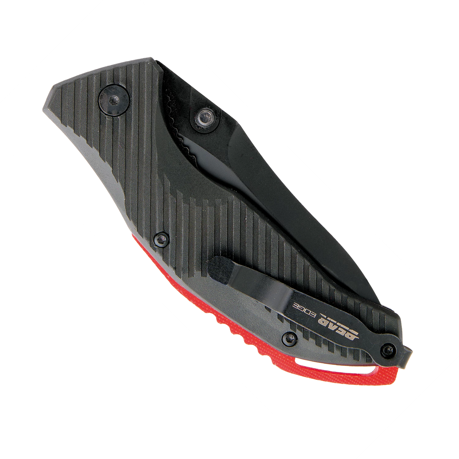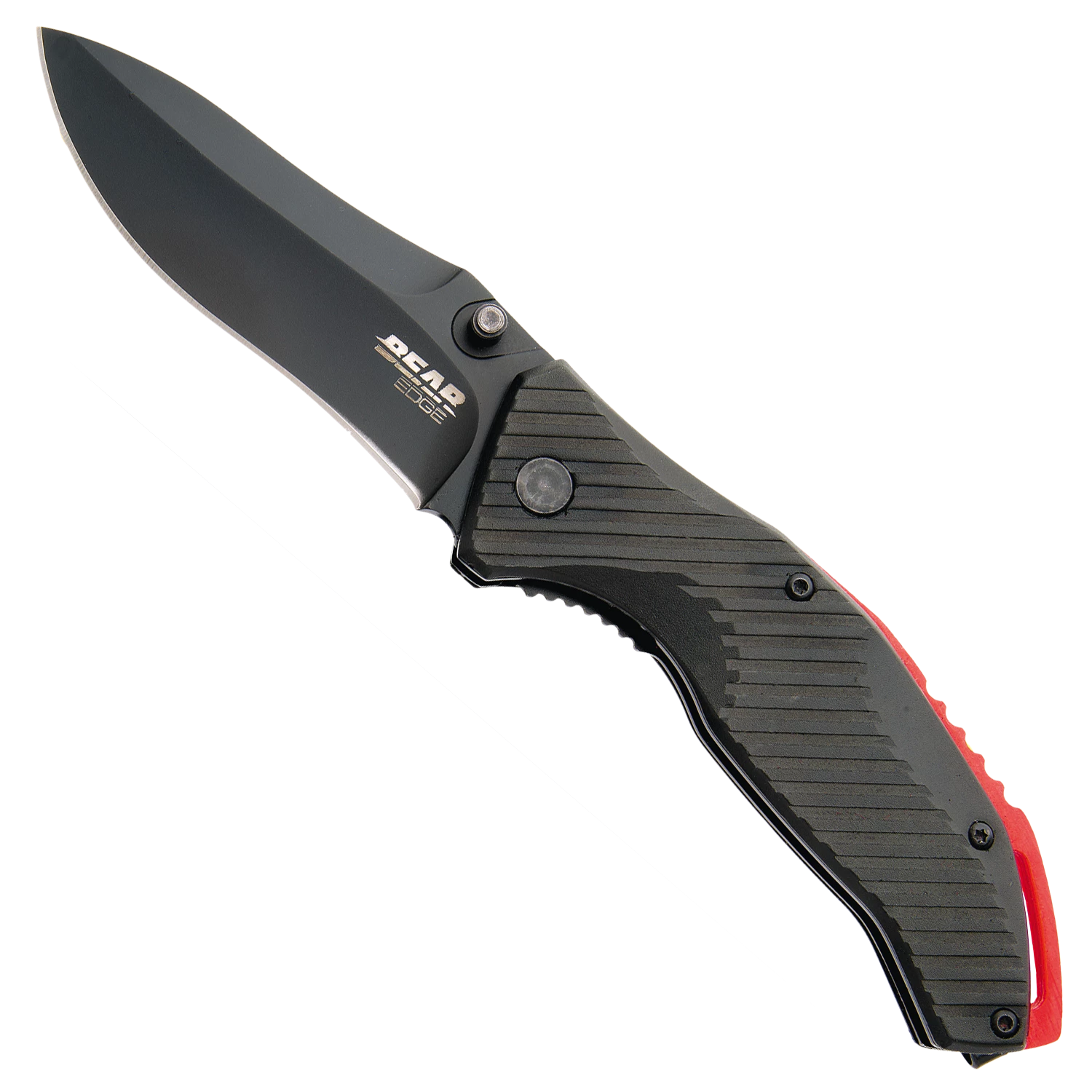 The Bear Edge Pattern 103 is an American built 4-1/2” Black & Red Assisted Sideliner. The hollow ground 3-1/2” blade is made from 440 stainless steel with a black powder coating finish. The spring action and ball bearing washers allow the blade to open rapidly with a simple push up on the dual thumb studs. The 4-1/2” black and red handle has a more rugged style but fits firmly in the hand allowing for a secure grip. Pattern 103 has a stainless-steel sideliner lock to ensure that the blade remains firmly in place and is easy to close. A reversible pocket clip is also present that allows for a tip-up carry and quick access. A slightly longer lanyard spacer is present on the back of the handle that is for secure fastening and storage. The open length for Pattern 103 is 7-3/4” and weighs 4.3 ounces.
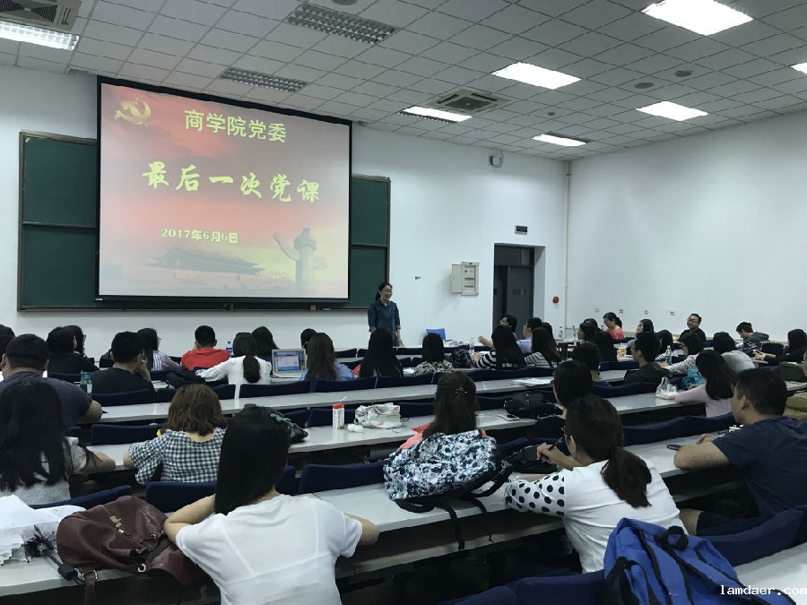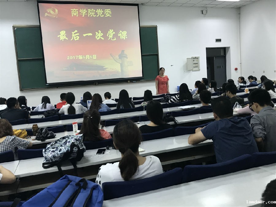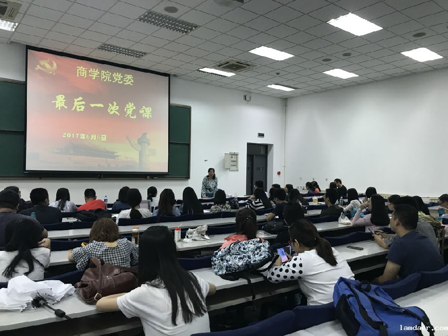 (通讯员 王媛媛)为进一步推动“两学一做”学习教育的常态化制度化,推进党员管理工作的制度化、规范化,引导其在离校后继续发挥党员先锋模范作用,商学院党委和商学院党总支于6月6日在B502向商学院2017届毕业生党员上了最后一次党课。学院党委书记孙跃、副书记王坚、党委秘书陈红艳及毕业班辅导员木琳、张玉川出席,本硕博毕业生党员现场聆听了这次党课。
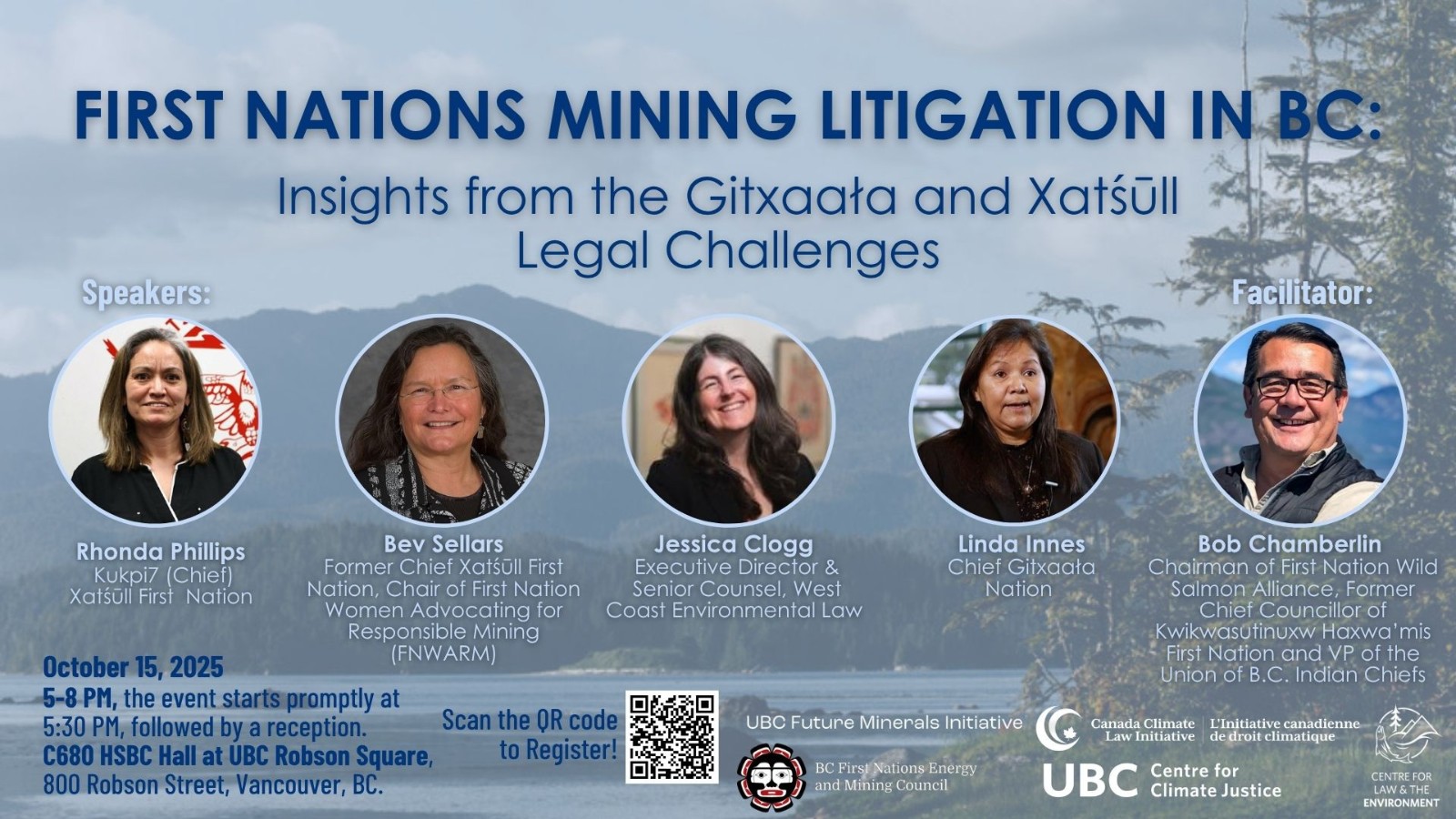 This panel will explore two landmark legal challenges shaping the future of mining in British Columbia. Panellists will examine the Gitxaała Nation’s case against the province’s mineral tenure regime and the Xatśūll First Nation’s judicial review of decisions related to the Mount Polley mine disaster. Together, these cases highlight how First Nations are using the courts to assert jurisdiction, demand accountability, and redefine the legal landscape of resource governance in BC.
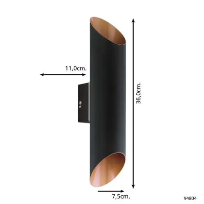 Eglo Wandleuchte Agolada Außenbeleuchtung Verzinkter Stahl Schwarz, Bernstein 7.4W 660lm - 830
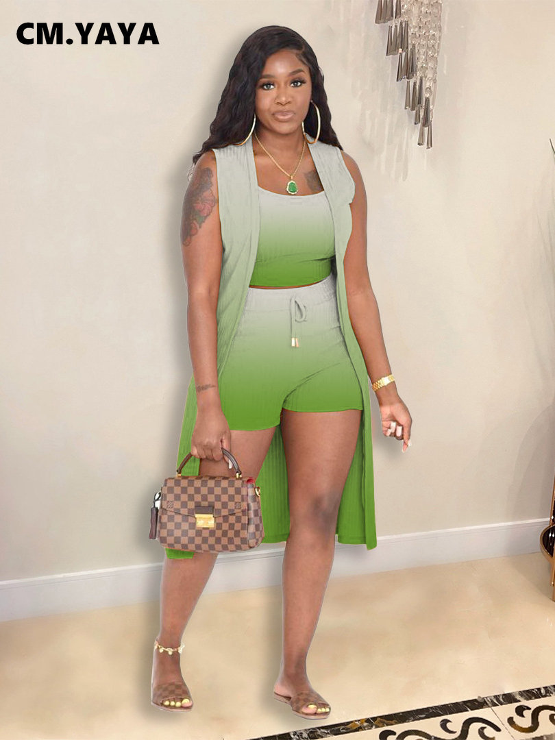 CM.YAYA Streetwear Knit Gradient Women 2 Piece Set Outfits Sleeveless Clock Top + Tank + Shorts Set 2023 Yoga Fitness Tracksuit
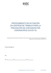 Procedimiento de actuación en los centros de trabajo para la prevención de contagios por coronavirus 20-04-2022
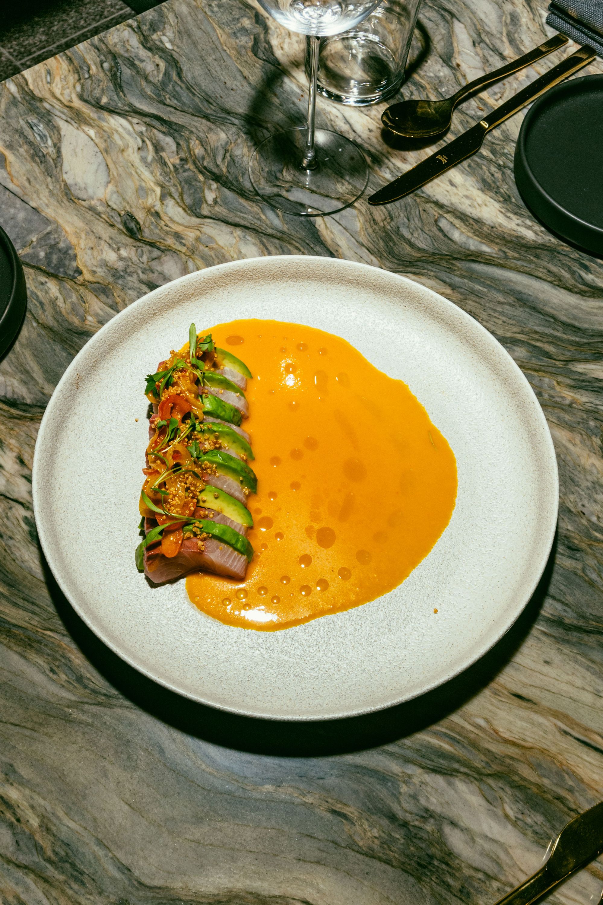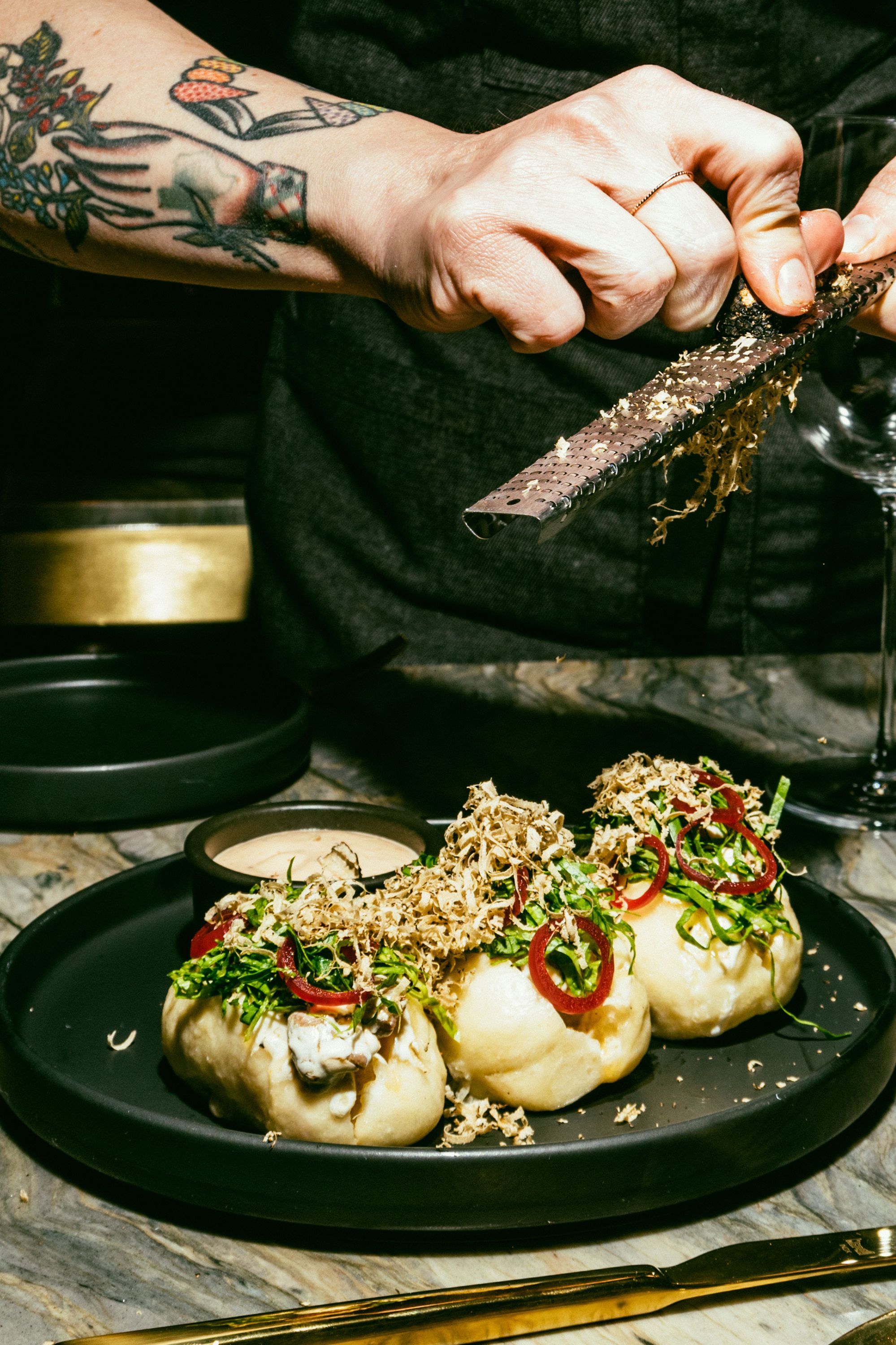 Tatiana的菜单也向纽约致敬——比如外卖蘑菇(外卖蘑菇是一种配葱煎饼的北京蘑菇),而dsamcor则特别提到了当地,比如像湿消防栓一样的彩虹柱。Onwuachi说,悬挂着金链子的格子让他想起了小时候“跳过铁丝网的情景”。
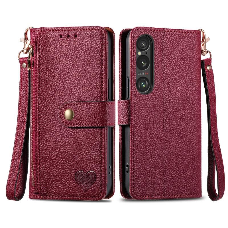 Για Sony Xperia 10 VI Love φερμουάρ Lanyard δερμάτινη θήκη τηλεφώνου (κόκκινο)
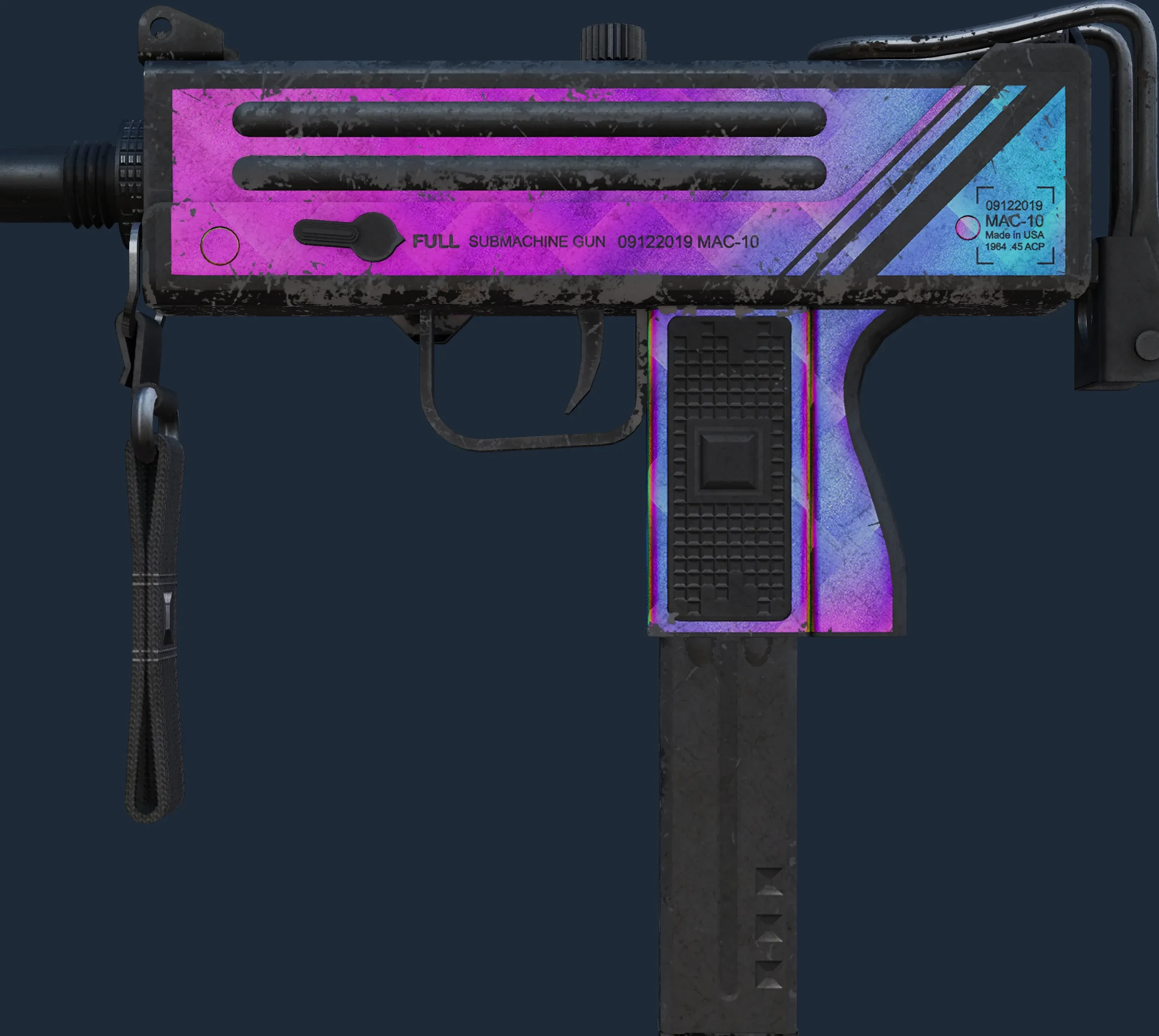 The MAC-10 | Disco Tech is a Covert grade skin for the MAC-10 in Counter-Strike 2. It features a Custom Paint Job finish and was designed by hexeth.

________

◆ The problem ◆
Please copy out each line above exactly as written, but not the pictures.

◆ Answer to this exercise ◆
 The Bear Edge Pattern 103 is an American built 4-1/2” Black & Red Assisted Sideliner. The hollow ground 3-1/2” blade is made from 440 stainless steel with a black powder coating finish. The spring action and ball bearing washers allow the blade to open rapidly with a simple push up on the dual thumb studs. The 4-1/2” black and red handle has a more rugged style but fits firmly in the hand allowing for a secure grip. Pattern 103 has a stainless-steel sideliner lock to ensure that the blade remains firmly in place and is easy to close. A reversible pocket clip is also present that allows for a tip-up carry and quick access. A slightly longer lanyard spacer is present on the back of the handle that is for secure fastening and storage. The open length for Pattern 103 is 7-3/4” and weighs 4.3 ounces.
 (通讯员 王媛媛)为进一步推动“两学一做”学习教育的常态化制度化,推进党员管理工作的制度化、规范化,引导其在离校后继续发挥党员先锋模范作用,商学院党委和商学院党总支于6月6日在B502向商学院2017届毕业生党员上了最后一次党课。学院党委书记孙跃、副书记王坚、党委秘书陈红艳及毕业班辅导员木琳、张玉川出席,本硕博毕业生党员现场聆听了这次党课。
 This panel will explore two landmark legal challenges shaping the future of mining in British Columbia. Panellists will examine the Gitxaała Nation’s case against the province’s mineral tenure regime and the Xatśūll First Nation’s judicial review of decisions related to the Mount Polley mine disaster. Together, these cases highlight how First Nations are using the courts to assert jurisdiction, demand accountability, and redefine the legal landscape of resource governance in BC.
 Eglo Wandleuchte Agolada Außenbeleuchtung Verzinkter Stahl Schwarz, Bernstein 7.4W 660lm - 830
 CM.YAYA Streetwear Knit Gradient Women 2 Piece Set Outfits Sleeveless Clock Top + Tank + Shorts Set 2023 Yoga Fitness Tracksuit
 Procedimiento de actuación en los centros de trabajo para la prevención de contagios por coronavirus 20-04-2022
 Tatiana的菜单也向纽约致敬——比如外卖蘑菇(外卖蘑菇是一种配葱煎饼的北京蘑菇),而dsamcor则特别提到了当地,比如像湿消防栓一样的彩虹柱。Onwuachi说,悬挂着金链子的格子让他想起了小时候“跳过铁丝网的情景”。
 Για Sony Xperia 10 VI Love φερμουάρ Lanyard δερμάτινη θήκη τηλεφώνου (κόκκινο)
 The MAC-10 | Disco Tech is a Covert grade skin for the MAC-10 in Counter-Strike 2. It features a Custom Paint Job finish and was designed by hexeth.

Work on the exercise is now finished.